Более всех в семье любил эту не такую уж древнюю, с исторической точки зрения, старину не кто иной, как Чип.
Дело в том, что в первые годы жизни Чипа в доме его выпускали полетать по комнате. Самое странное, что эта идея принадлежала именно бабушке. Странно потому, что, скажем, к Ольгиной свободе и самостоятельности бабушка относилась куда более сурово: вплоть до четвертого класса бабушка неукоснительно провожала Ольгу в школу, хотя та находилась в двух шагах от дома и улица была тихая, с односторонним движением; более того, даже во дворе Ольге разрешалось гулять исключительно под бабушкиным присмотром, и именно бабушка с достойным удивления упорством сопротивлялась, к примеру, покупке велосипеда или коньков – зимою во дворе заливали водой баскетбольную площадку и ЖЭК даже нанял, правда за счет родителей, тренера по фигурному катанию.
А вот Чипа бабушка поначалу выпускала почти ежедневно из клетки, предварительно захлопывая наглухо дверь на балкон и все окна и форточки, чтобы он не улизнул на улицу.
Чип с нескрываемым восторгом, мелко и шелковисто шурша на лету лимонно-желтыми крыльями с более светлой, почти белесой изнанкой, совершал облет бабушкиной комнаты.
Вот тут-то и обнаружились его художественные, чтоб не сказать эстетические, пристрастия: он садился исключительно на головы пастушек и фаунтлероев, обожал блестящие пасхальные яйца, отдавал должное экзотическим раковинам и, если буфет оказывался случайно открытым, венецианскому стеклу, но с совершеннейшим пренебрежением относился к предметам современного обихода, даже если это был бюстик Бетховена или фигурка гоголевского Собакевича, изготовленные, к слову сказать, из того же фаянса.
Впрочем, о вкусах не спорят, даже если речь идет о вкусах молодого, мало что успевшего повидать в жизни, да к тому же и воспитанного в неволе кенаря.
Кстати говоря, самое время и место упомянуть без ложного стыда или ханжеского лицемерия, одной нелицеприятной правды ради, что до конца Чиповых дней пол его так и не был установлен с достаточной степенью точности.

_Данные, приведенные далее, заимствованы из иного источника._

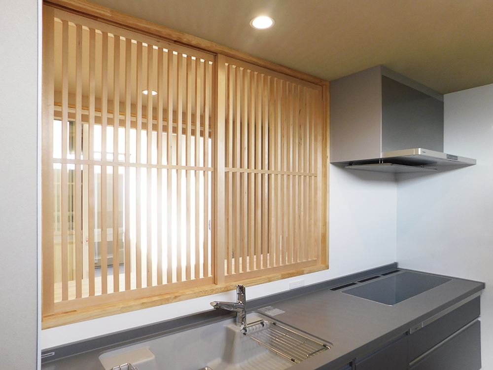·格子戸を開けると中庭が見える和テイストのキッチン。

Утверждение отца, будто высокое искусство пения под силу только кенарям, то есть особям исключительно мужского пола, ни в Большой Советской Энциклопедии, ни у Брокгауза и Ефрона подтверждения не получило, а специальной литературы по орнитологии в доме не было.
Жертвами предрасположенности, или, точнее, пристрастия Чипа к «модерну начала века», или, как уже отмечалось выше, к «fin de siécle», стали два старинных – к счастью, не те, венецианского стекла, а обычных хрустальных – бокала и групповая фарфоровая композиция, изображавшая счастливое пейзанское семейство. Композиция упала на пол, и многодетная семья еще недавно таких беспечных поселян оказалась расчлененной в прямом и фигуральном смысле слова: мать лишилась любимых чад, а все вместе – отдельных частей тела.
Склеить эту фарфоровую идиллию отказались даже в специальной мастерской на Красной Пресне.
В этих хранившихся в бабушкиной комнате совершенно, казалось бы, бесполезных безделках была жива и как бы даже носилась в воздухе чуть ностальгическая, трогательно-минорная память об иных временах, иных людях, об ином и позабытом житье-бытье.
Итак, отец «влип».
Впрочем, об этом несколько ниже.
Итак, Чип летал по бабушкиной комнате.
Забегая вперед, следует сказать, что эти его полеты, эти если угодно, краткие, но «сладкие глотки свободы» пришлось, к сожалению, прекратить, и не по одной, а по двум не зависящим от чьей бы то ни было злой воли причинам: во-первых, по уже упомянутой выше, а именно – разбитые хрустальные бокалы и разъятая на невоссоединимые части семейка фарфоровых поселян. Во-вторых же, Чип сломал ногу.